Hi Tanya, thanks for joining us today. We’d love to hear the story of how you went from this being just an idea to making it into something real.

Renaissance Box began as an idea that first emerged during my MFA, when I was teaching art at a university defined by science and engineering. My classrooms were filled with students who approached creativity through experimentation and analysis, and witnessing how naturally they combined technical thinking with artistic inquiry made a strong impression on me. Even after graduating, I kept returning to the question of what could happen if interdisciplinary collaboration wasn’t incidental, but intentionally created.

For a long time, the idea lived in notebooks and conversations. I researched programs around the country and saw a clear gap: few spaces truly supported artists and STEM practitioners as equal creative partners. The concept had potential, but it needed a catalyst.

That catalyst came when I was selected to pitch the idea at Accelerate 2024. Preparing for that moment required me to crystallize the vision—to articulate not only what Renaissance Box could be, but why it mattered and how it could function as a program under Kaiser Studios. Presenting it publicly shifted everything. The response validated the need for a space like this and gave me the momentum to move from imagining to building.

Shortly after, Kaiser Studios received the Ingenuity Impact Award from Ingenuity Cleveland, which further propelled the idea forward. The recognition opened doors, strengthened community support, and created the foundation for a partnership with IngenuityLabs. Their environment aligned seamlessly with the residency’s mission, and together we began shaping the program’s structure, refining its goals, and preparing it for launch.

From there, Renaissance Box developed quickly.
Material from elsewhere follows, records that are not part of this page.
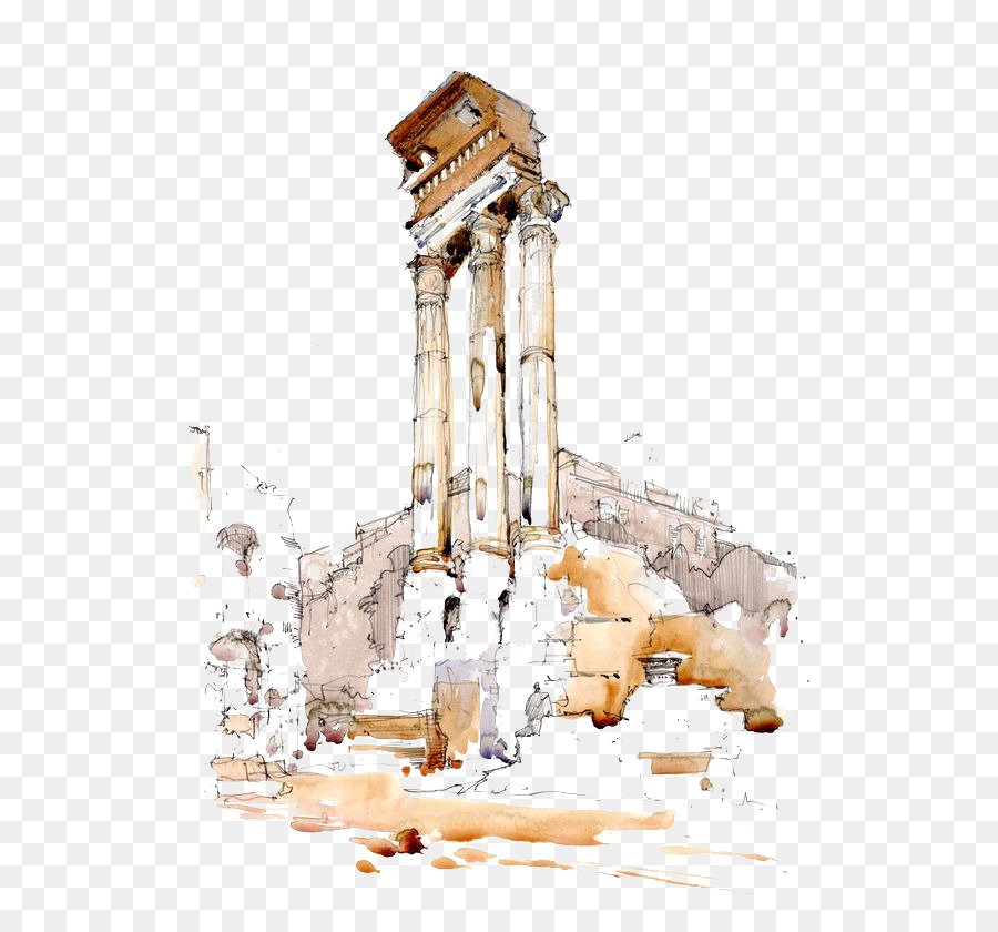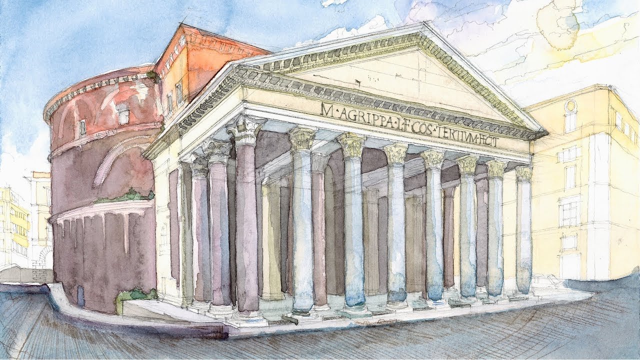 ![Архитектурный скетч акварелью Рим]()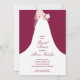 A bride in her wedding dress on a cranberry red (or any colour) background, perfect for elegant bridal shower invitations. (Rose pattern on the back can be deleted.) MATCHING items in our store.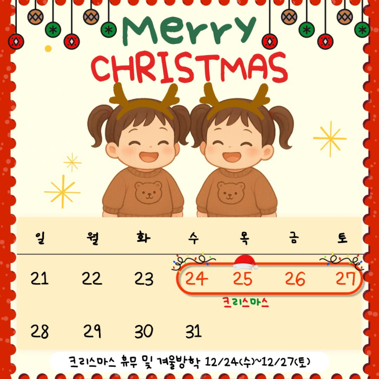 [수완지구 수학학원/장덕동 수학학원] 크리스마스 휴무 및 학원 겨울방학 휴무 일정 안내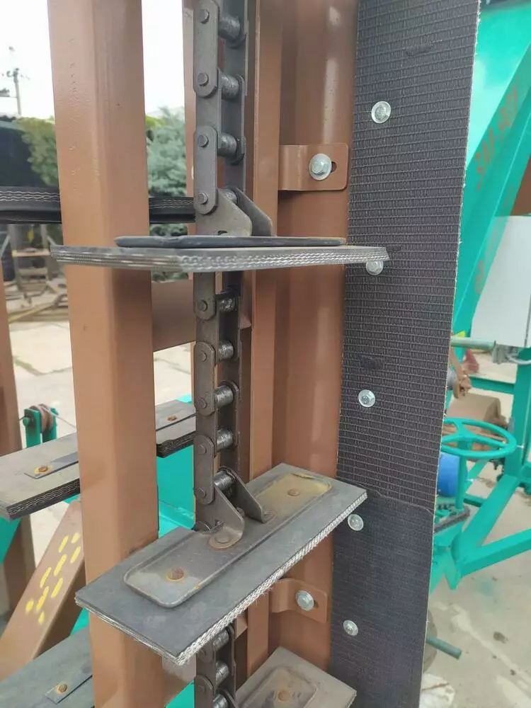 Завдяки транспортній стрічці з шевроном двох видів: прямий і ялинка досягнуто збільшеної продуктивності та дальності метання зерна.

I formalized the framework, built the operational infrastructure, and piloted early collaborative experiences to ensure the residency was responsive and meaningful. By the time the first cohort arrived, the program had transformed into a functioning interdisciplinary residency rooted in curiosity, dialogue, and shared exploration.

Renaissance Box continues to grow, but its origins remain at the heart of it: an idea sparked in a cross-disciplinary classroom, accelerated by the opportunity to pitch at Accelerate 2024, and made real through the support and recognition of the Ingenuity Impact Award.


Great, appreciate you sharing that with us. Before we ask you to share more of your insights, can you take a moment to introduce yourself and how you got to where you are today to our readers.

Kaiser Studios grew out of my work as an interdisciplinary artist, educator, and curator. My background in installation and sculptural practice taught me how deeply creativity intersects with memory, identity, and the structures that shape our lives. During my MFA, I taught art at a university centered around science and engineering, and witnessing how naturally STEM students engaged with creative inquiry sparked the earliest ideas for what would eventually become Renaissance Box.

Kaiser Studios began as a way to support artists through exhibitions, programming, and community engagement. Over time, it evolved into a nonprofit dedicated to fostering interdisciplinary collaboration. Our flagship program, Renaissance Box, brings together artists and STEM professionals to explore ideas collectively. We provide residents with a space to experiment, think across disciplines, and develop new work by bridging a gap in the creative ecosystem where these kinds of collaborations rarely have structured support.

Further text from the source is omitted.